NPB statistics (through 2025 season)
- Win–loss record: 21–14
- Earned run average: 2.98
- Strikeouts: 166

Teams
- Tohoku Rakuten Golden Eagles (2021–present);

Career highlights and awards
- NPB All-Star (2024);

= Masaru Fujii =

Japanese baseball player (born 1996)

Masaru Fujii (藤井 聖, Fujii Masaru) is a Japanese professional baseball pitcher for the Tohoku Rakuten Golden Eagles of Nippon Professional Baseball (NPB).

==Career==
Fujii was drafted by the Tohoku Rakuten Golden Eagles in the 3rd round of the 2020 NPB draft. Fujii began his career in 2021 with Rakuten's farm team, but did not debut with the main club until 2022, during which he logged a 1–2 record and 3.38 ERA with 10 strikeouts across four appearances.

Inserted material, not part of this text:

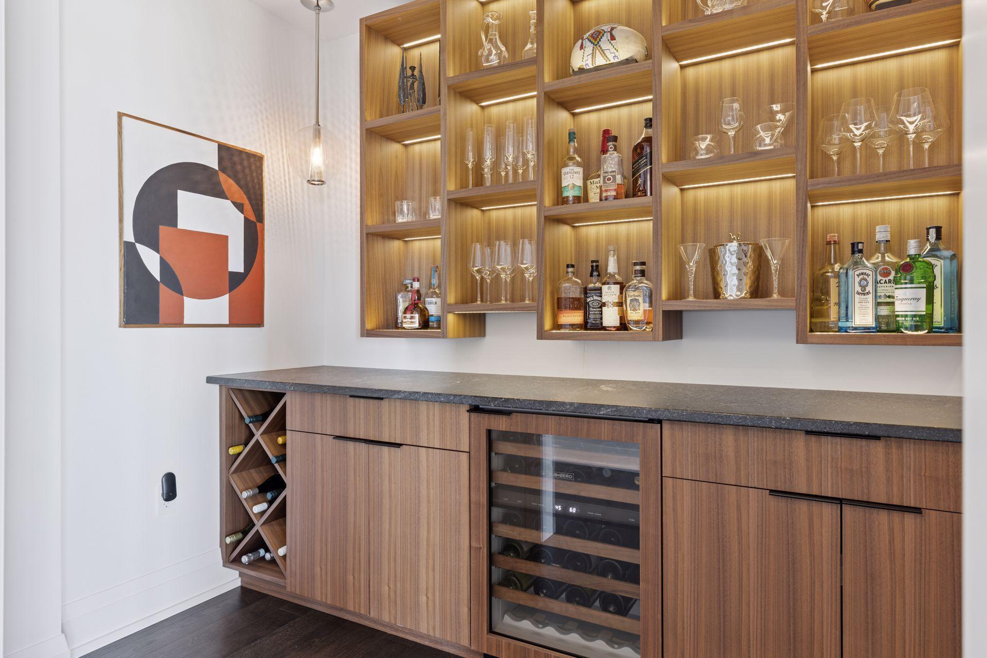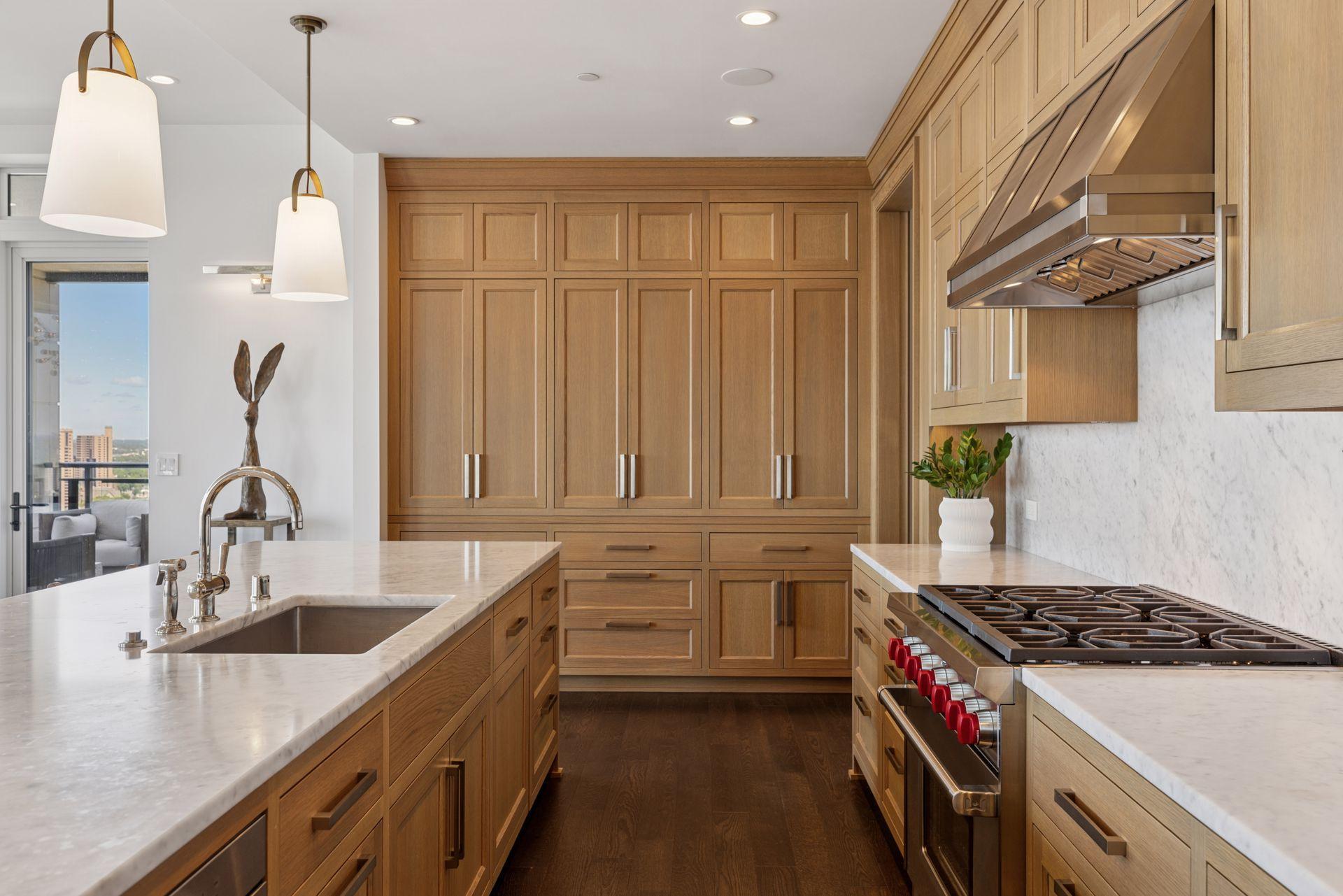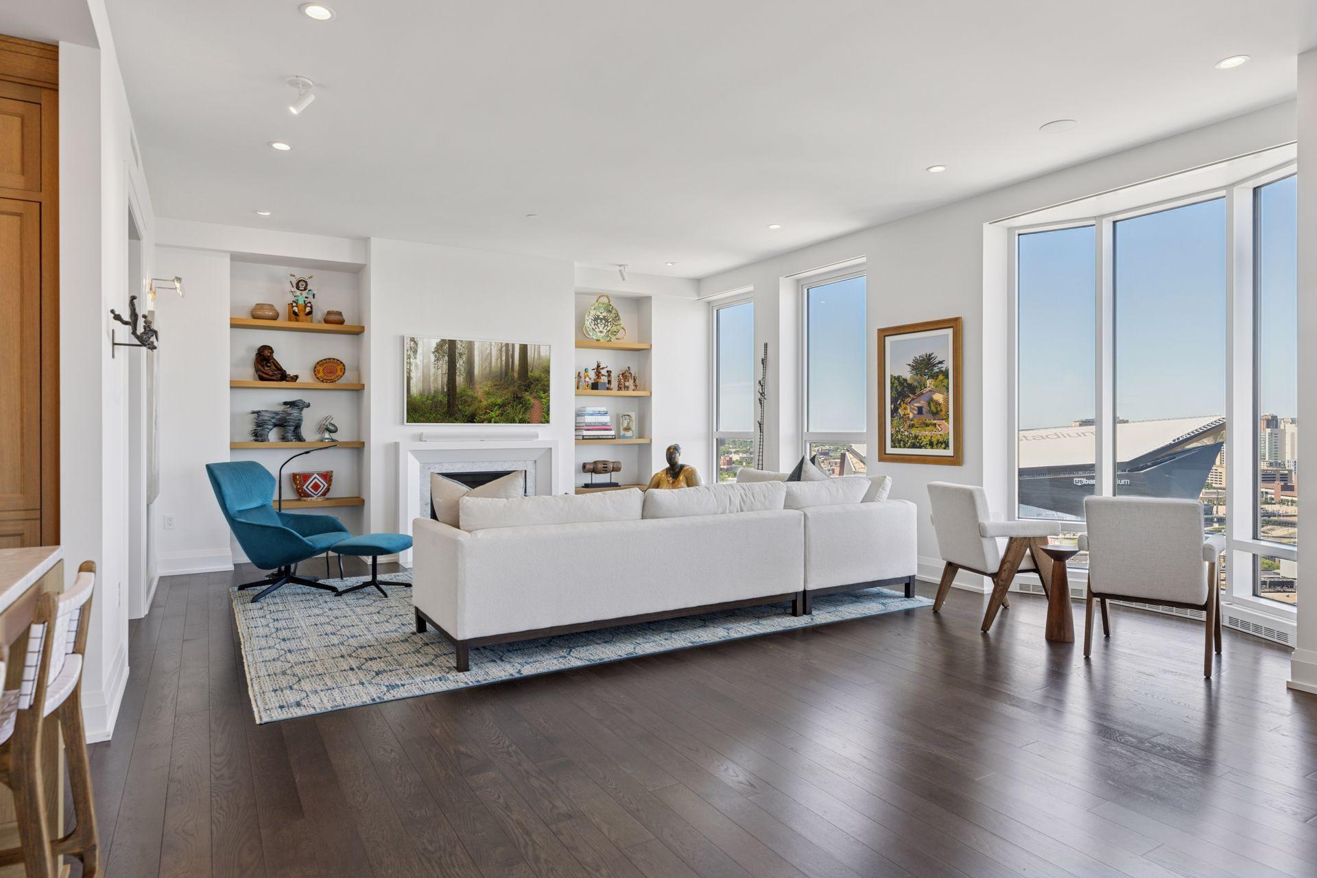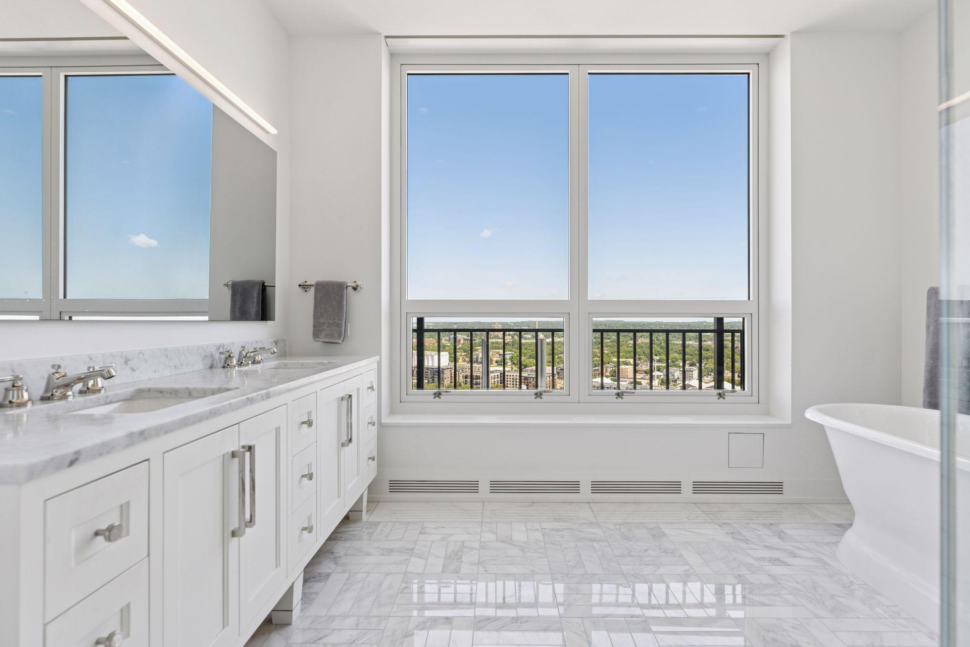 This stunning 2 BR + Den/Media room condo is located on the coveted NW corner of Eleven on the River condominium designed by the renowned Robert A.M. Sterns Architects, with spectacular views of the Mississippi River, Stone Arch Bridge, Gold Medal Park and the Minneapolis skyline. Features include a chef's kitchen complete with large center island, Wolf wall oven, steam oven, microwave, and 2nd large Wolf oven under the cooktop. The Sub-Zero Refrigerator matches the rift oak custom cabinetry throughout the home. Enjoy the breathtaking panoramic views from the expansive 195 sq. ft. heated and covered loggia. Some more added features to this unique home are: 2 garage spaces that EACH have EV charging stations, electric hidden shades in the great room dining area and the primary bedroom, high end gas fireplace, Sonos built-in music system with speakers throughout the entire unit, custom lighting and spotlights to highlight artwork throughout the unit, custom built white rift oak cabinetry in kitchen, bar room and throughout the home. Do not miss the Seura hidden TV in the mirror of the primary bathroom. The countertops in the kitchen and bathrooms are Carrara marble and the floors are hardwood. Every feature in this home is exquisitely and thoughtfully designed. The ELEVEN has all the amenities of a 5-star hotel including private motor court paved in granite with 24/7 doorman service, on demand smart elevators operating at 1,000 ft. per minute, guest suites available for rent, fitness center overlooking the river and city skylines, yoga studio, weight room and sauna, 75 ft. lap pool, spa hot tub, children's splash pad, private cabanas and outdoor fireplaces, indoor multi-sport court, golf simulator and private dog park and dog grooming room and so much more!

Fujii made 10 appearances for the Eagles in 2023, recording a 2.29 ERA with 24 strikeouts across 35 1/3 innings pitched.

Fujii began the year pitching out of Rakuten's rotation, posting a 7–1 record and 2.36 ERA with 43 strikeouts over his first 13 games. He was subsequently named an All-Star for the first time in his career.